Vino entonces el truco, que consistió en apurar los usos mediante el reafilado de las hojas usadas en varios afeitados. Para ello se podía recurrir al cuero de la vieja navaja y a sus aceites suavizadores. Era volver al engorro de antes, pero permitía apurar la inversión en caso de que el bolsillo se mostrara perezoso. La picaresca española encontró también alivio a ese asunto: en 1923, en el diario “El Pueblo”, encontramos un anuncio en que se usa con descaro el nombre de una marca que ya se ha asociado por entero al producto.
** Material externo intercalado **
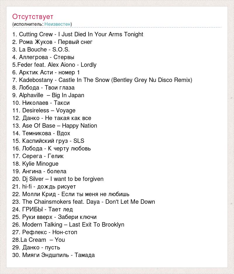 1. Cutting Crew - I Just Died In Your Arms Tonight 2. Рома Жуков - Первый снег 3. La Bouche - S.O.S. 4. Аллегрова - Стервы 5.Feder feat. Alex Aiono - Lordly 6. Арктик Асти - номер 1 7. Kadebostany - Castle In The Snow (Bentley Grey Nu Disco Remix) 8. Лобода - Твои глаза 9. Alphaville – Big In Japan 10. Николаев - Такси 11. Desireless – Voyage 12. Данко - Не такая как все 13. Ase Of Base – Happy Nation 14. Темникова - Вдох 15. Каспийский груз - SLS 16. Лобода - К черту любовь 17. Серега - Гелик 18. Kylie Minogue 19. Ангина - болела 20. Dj Silver – I want to be forgiven 21. hi-fi - дождь рисует 22. Молли Крид - Если ты меня не любишь 23. The Chainsmokers feat. Daya - Don't Let Me Down 24. ГРИБЫ - Тает лед 25. Руки вверх - Забери ключи 26. Modern Talking – Last Exit To Brooklyn 27. Рефлекс - Нон-стоп 28.La Cream – You 29. Данко - пусть 30. Мияги Эндшпиль - Тамада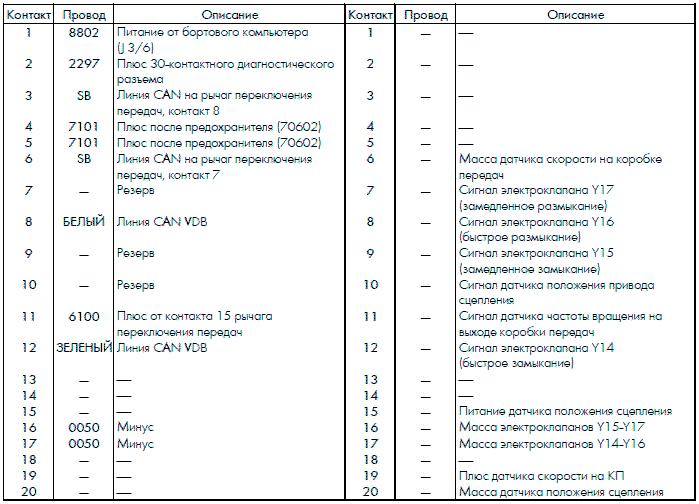 По линии связи от системы EDC ЭБУ коробки передач получает информацию о положении педали акселератора, расходе топлива, оборотах двигателя, включении моторного тормоза и принудительном включении пониженной передачи (режим kick-down).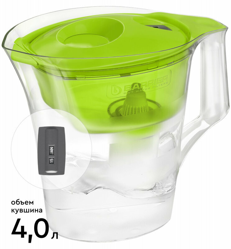 Фильтр-кувшин Барьер Чемпион 4.0л зеленое яблоко, для жесткой воды интересное: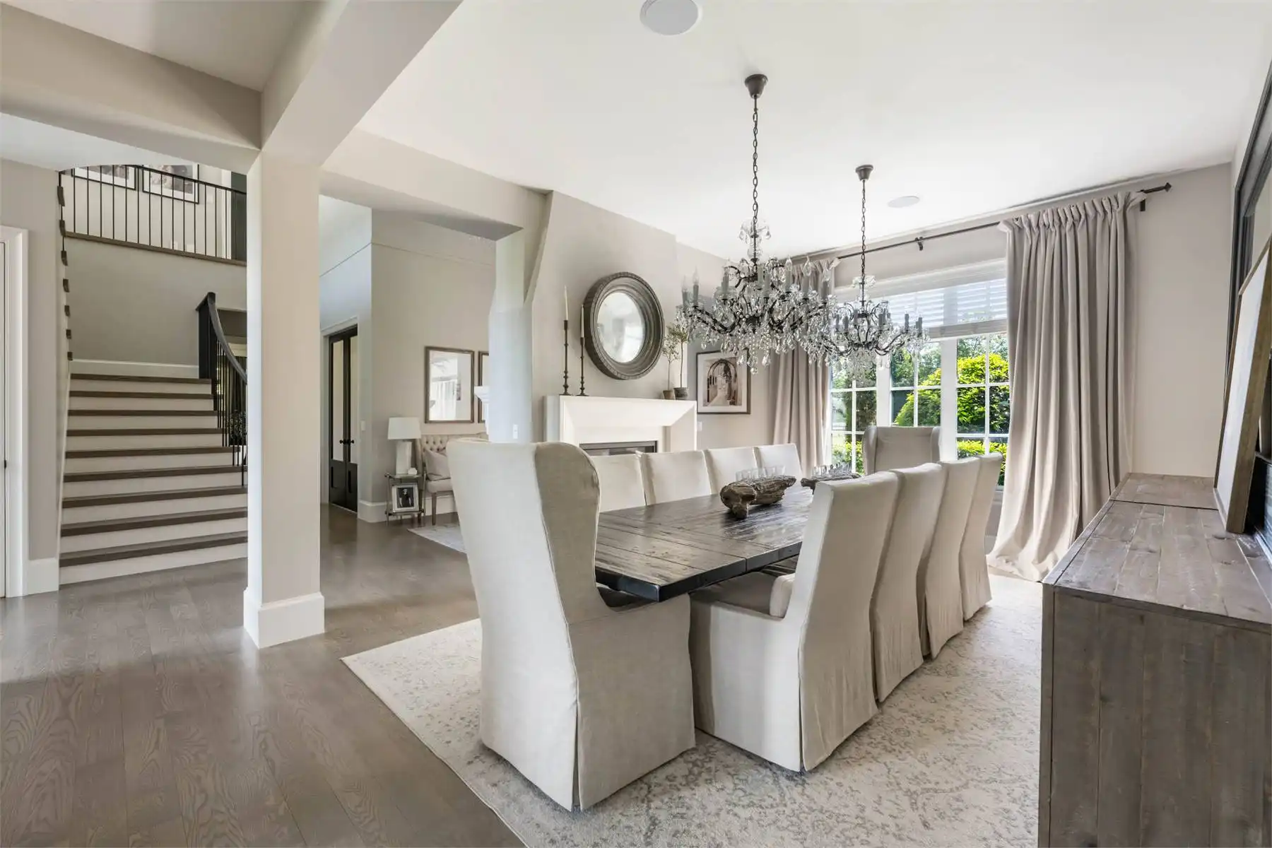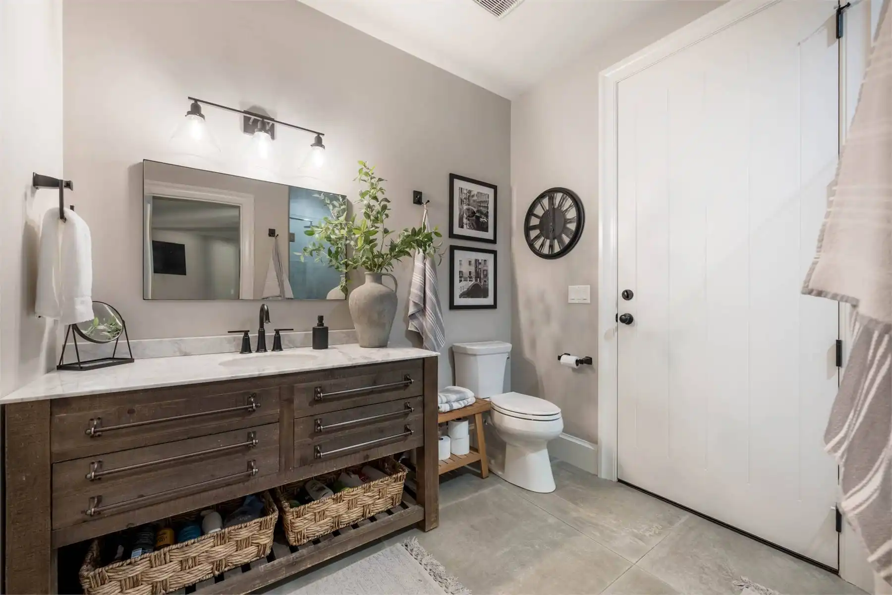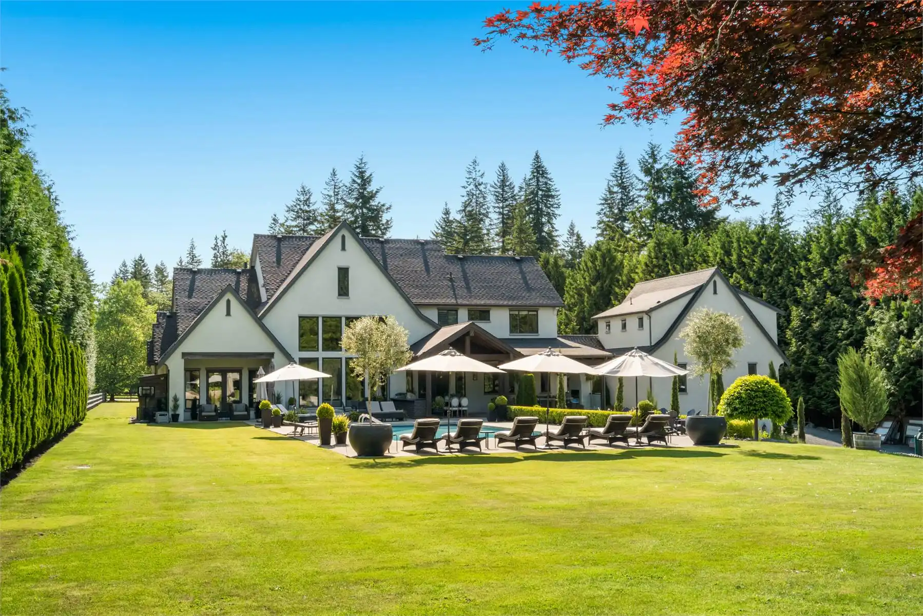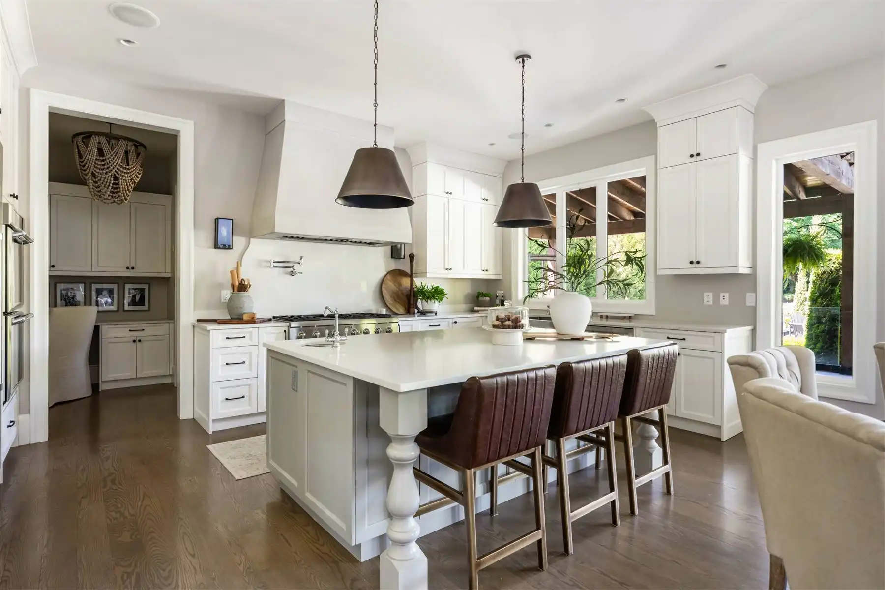 Welcome to this stunning European-inspired residence where elegance and luxury seamlessly intertwine, creating an environment of refined indoor coziness and serene outdoor relaxation and recreation. Upon entering, the home immediately embraces you with natural light, continued through to the luminous two-story great room. The fluid design leads to a sophisticated kitchen, equipped with a spacious prep island and extensive storage, perfect for culinary aficionados. The main level also features a serene primary bedroom, complete with a private porch and spa-like ensuite for ultimate relaxation. Ascend to the upper floor to find five additional bedrooms and a versatile bonus room, offering both comfort and adaptability, complemented by a distinct breezeway-connected double garage with potential for additional flex space above.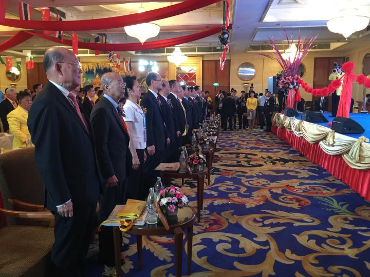 泰中文化产业集团(记者/杨千慧 摄影/宋胤泽) 7月7日上午,“2016全球华侨华人促进中国和平统一大会”在泰国曼谷隆重开幕。此次大会围绕“九二共识是两岸关系和平发展的基石”主题,旨在更好地凝聚全球华侨华人“反独促统”力量,促进新形势下和平统一工作的经验交流与合作,维护两岸关系和平发展和台海和平。来自中国全国政协、国务院台办、国务院侨办等国内部门和世界各地统促会的负责人、泰国多位政要、华侨华人代表及国际友人等近千人出席了当天的活动。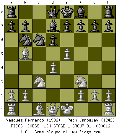Last move : 1-0 2016 June 24 23:29:25 [Event "FICGS__CHESS__WCH_STAGE_1_GROUP_01__000016"] [Site "FICGS"] [Date "2016.03.02"] [Round "1"] [White "Vasquez,Fernando"] [Black "Pech,Jaroslav"] [Result "1-0"] [WhiteElo "1986"] [BlackElo "1242"] 1.e4 c5 2.c3 Nf6 3.e5 Nd5 4.Nf3 Nc6 5.d4 cxd4 6.cxd4 d6 7.Bc4 Nb6 8.Bb5 Bd7 9.Nc3 1-0 This chess game has been lost on time (started : 2016.03.02 2:8:17) Sicilian : Alapin's variation (2.c3) Player White won this chess game. Follow this game move after move (download)Chess is in its essence a game, in its form an art, and in its execution a science. (Baron Tassilo) Ein Schachspiel besteht aus drei Phasen: Die erste, wenn du hofftst den Vorteil zu haben, die zweite, wenn du glaubst einen Vorteil zu haben, und die dritte.... wenn du weißt Du wirst verlieren. (Savielly Grigorievitsch Tartakower) El Ajedrez es como la guerra en un tablero. (Bobby Fischer) Les échecs sont plus proches de l'art de l'assassinat que de l'art de la guerre. (Arturo Perez-Reverte) A government big enough to give you everything you want is strong enough to take everything you have. (Thomas Jefferson)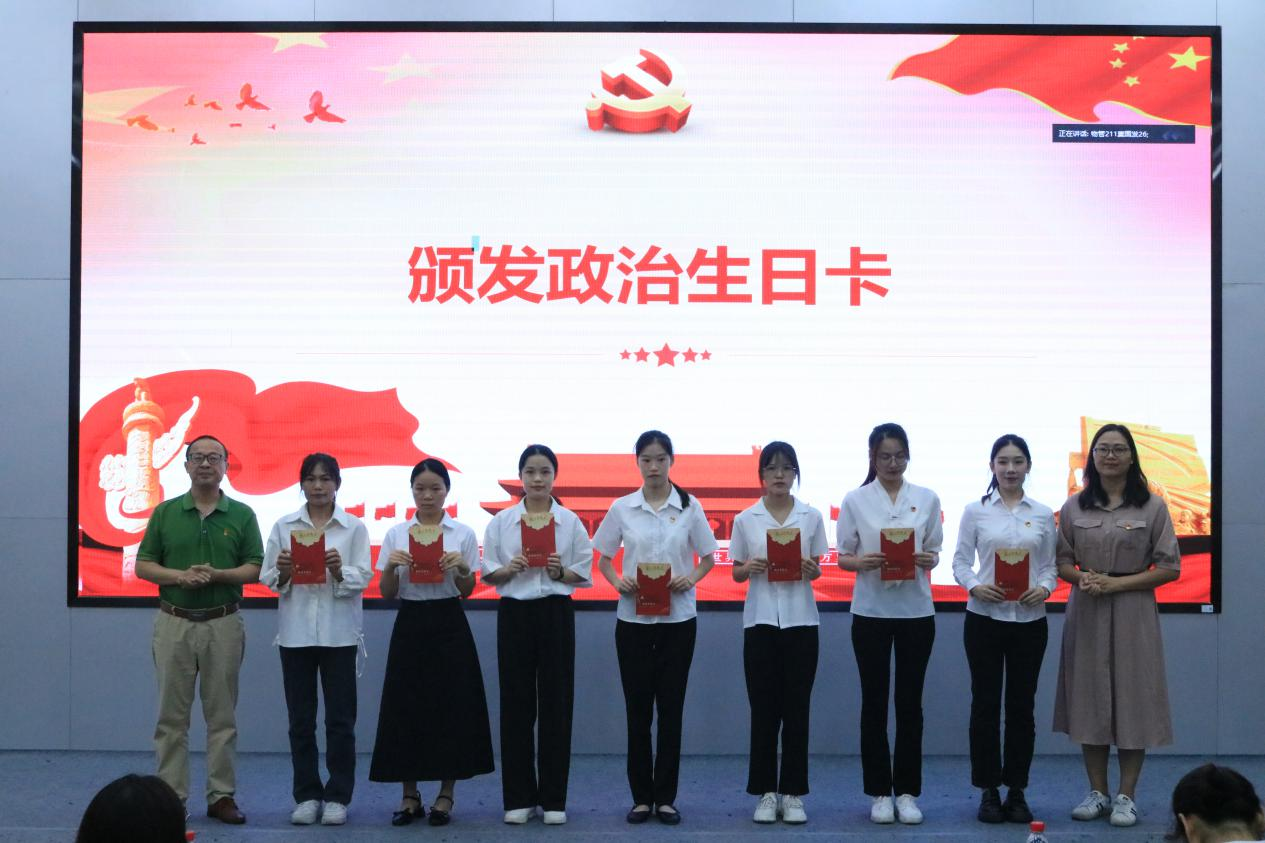 莫勤德、韦齐齐为毕业生党员颁发政治生日卡,全体党员共同度过了一次政治生日。
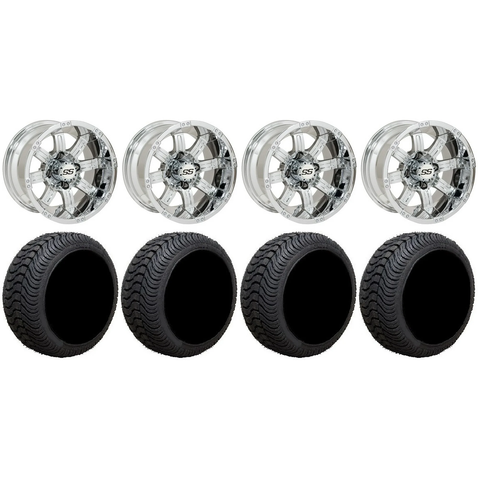 GTW Tempest 14" Golf Cart Wheels Chrome 205x30 Cruze Tires Yamaha

Y dice así: “Traigan sus cuchillas usadas al vaciador automático y quedarán como nuevas”. La admisión de clientes se hacía en el centro de la ciudad, en el kiosco de tarjetas postales de la plaza de Castelar, “junto a la parada de motos”.

Afilar una hoja costaba diez céntimos; afilar seis, dos reales. No era lo mismo, pero era más barato que sacar un duro y comprar las hojas nuevas. Los que hemos reciclado alguna vez cartuchos de tinta de impresora lo entendemos, sin duda.